High-Risk AI Evidence: What to Log, Certify, Retain, and Verify

High-risk AI governance succeeds or fails on evidence. Policies matter, but reviewers eventually ask for records: which dataset, which model version, which decision, which human review, which log, which incident, and which retained proof. This page is the Sprint 1 commercial hub for turning EU AI Act uncertainty into CertifiedData and Decision Ledger demand.

The evidence layer is the missing operating system for AI governance

Most AI governance work starts with policies, inventories, and risk assessments. Those are necessary, but they do not automatically create evidence. When a high-risk AI system is reviewed, the organization needs to produce records showing how the system was built, how it was used, what data and artifacts it relied on, which decisions were made, what human oversight happened, and how issues were monitored after deployment.

That evidence is often scattered across product logs, model registries, spreadsheets, tickets, chat messages, data catalogs, notebooks, PDFs, and screenshots. The fragmentation creates risk. A reviewer may not be able to connect the runtime decision to the dataset, the model version, the policy, the human review, or the artifact certificate. High-risk AI evidence requires a connected graph, not a drawer full of disconnected files.

CertifiedData and Decision Ledger should be positioned as that graph. CertifiedData creates machine-verifiable certificates for datasets and artifacts. Decision Ledger records AI decisions and governance events as signed, hash-chained records. Evidence bundles tie the pieces together so the organization can export a reviewable package without giving direct access to production systems.

Evidence should follow the AI lifecycle

A practical evidence graph starts before deployment. It begins with the training, validation, and test data that shaped the system. It continues through model or agent versions, prompts, policies, evaluation results, risk controls, release approvals, runtime decisions, human review actions, monitoring events, and incident responses. Each lifecycle step creates evidence questions. If those questions are not answered at the time of the event, teams are forced into reconstruction later.

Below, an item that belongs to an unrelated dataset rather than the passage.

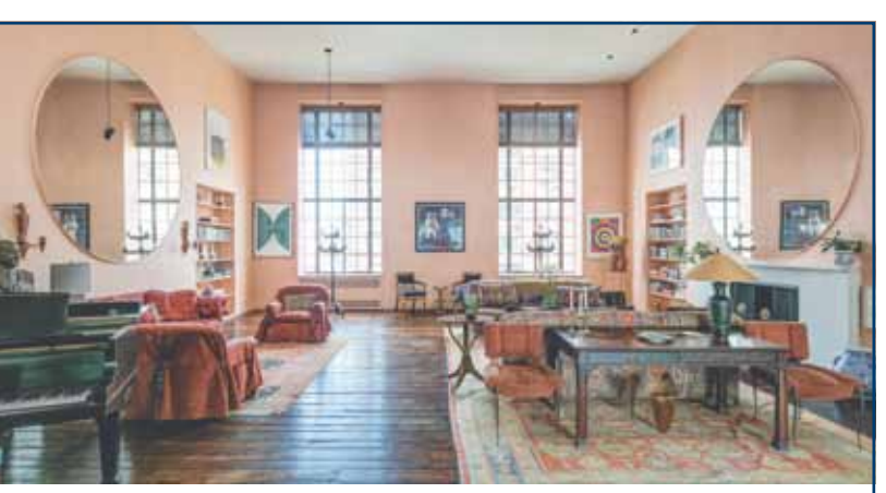
NEW YORK, MANHATTAN

jcvjetkovic@savills.com +44 (0)20 3813 3840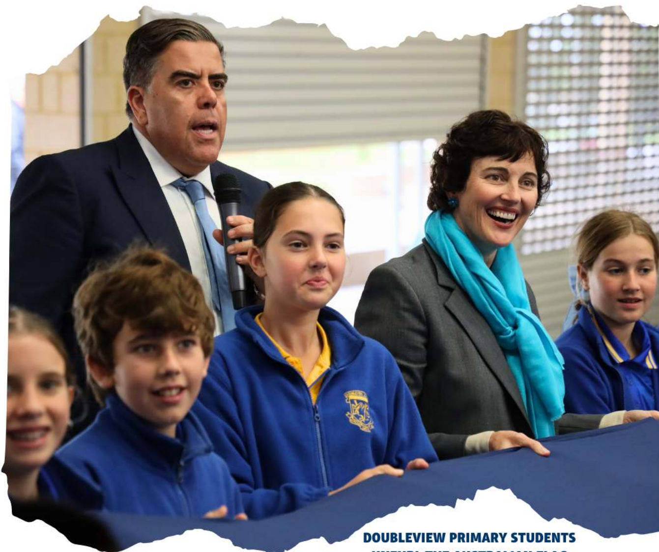
DOUBLEVIEW PRIMARY STUDENTS UNFURL THE AUSTRALIAN FLAG

I was pleased to host the Speaker of the House of Representatives, Milton Dick MP, in Curtin this month, as he visited Doubleview Primary School with the giant flag that flies above Parliament House in Canberra, as part of his parliamentary education program .

The lifecycle approach also prevents overclaiming. A dataset certificate can prove a dataset fingerprint and metadata. It cannot prove legal compliance. A signed decision record can prove a payload was signed and has not changed. It cannot prove that the decision was fair or lawful. An evidence bundle can make review easier. It cannot replace the review program. This precision is what makes the content credible for enterprise and governance buyers.

The commercial value is speed and confidence. Instead of waiting until procurement, audit, or regulator review to assemble evidence, teams can generate evidence as work happens. That makes CertifiedData part of the operating workflow rather than a last-minute reporting tool.

The core evidence objects

Sprint 1 should standardize the vocabulary. A dataset certificate is a signed record over a dataset or synthetic dataset, including a SHA-256 fingerprint, metadata, issuer, timestamp, schema version, and signature. An artifact certificate does the same for a model package, prompt package, output, or manifest. A decision record captures a governance-relevant event, including actor, output, policy version, evidence links, row hash, previous hash, and Ed25519 signature. A verification result shows whether a record validates. An evidence bundle combines these records into a reviewable export.

This vocabulary lets every EU AI Act page route into the same product architecture. Article 10 points to dataset and data-governance evidence. Article 11 and Annex IV point to technical documentation support. Article 12 points to automatic event recording. Article 18 points to retained documentation evidence. Article 19 points to provider log retention. Article 26 points to deployer operational evidence. Annex III points to classification and sector-specific evidence needs.

Once the vocabulary is stable, each content page can become both SEO asset and product education. The reader learns a regulatory concept and immediately sees the evidence object CertifiedData can provide.

High-risk evidence should be independently verifiable

The difference between a weak audit trail and a strong evidence record is independent verification. A screenshot can be useful context, but it is not a durable proof object. A database row may be meaningful to the application that created it, but a third party may not be able to verify it. A signed payload is different. If a reviewer can recompute the hash, verify the signature, inspect the key ID, and compare the result to the displayed record, the evidence is stronger.

CertifiedData should emphasize RFC 8785 canonicalization where deterministic JSON hashing is needed, SHA-256 for fingerprints, and Ed25519 for signatures. The page should avoid implying that cryptography solves every governance problem. Cryptography can protect the integrity and origin of the evidence object. It does not determine whether the system design, data, use case, or human oversight process is legally sufficient.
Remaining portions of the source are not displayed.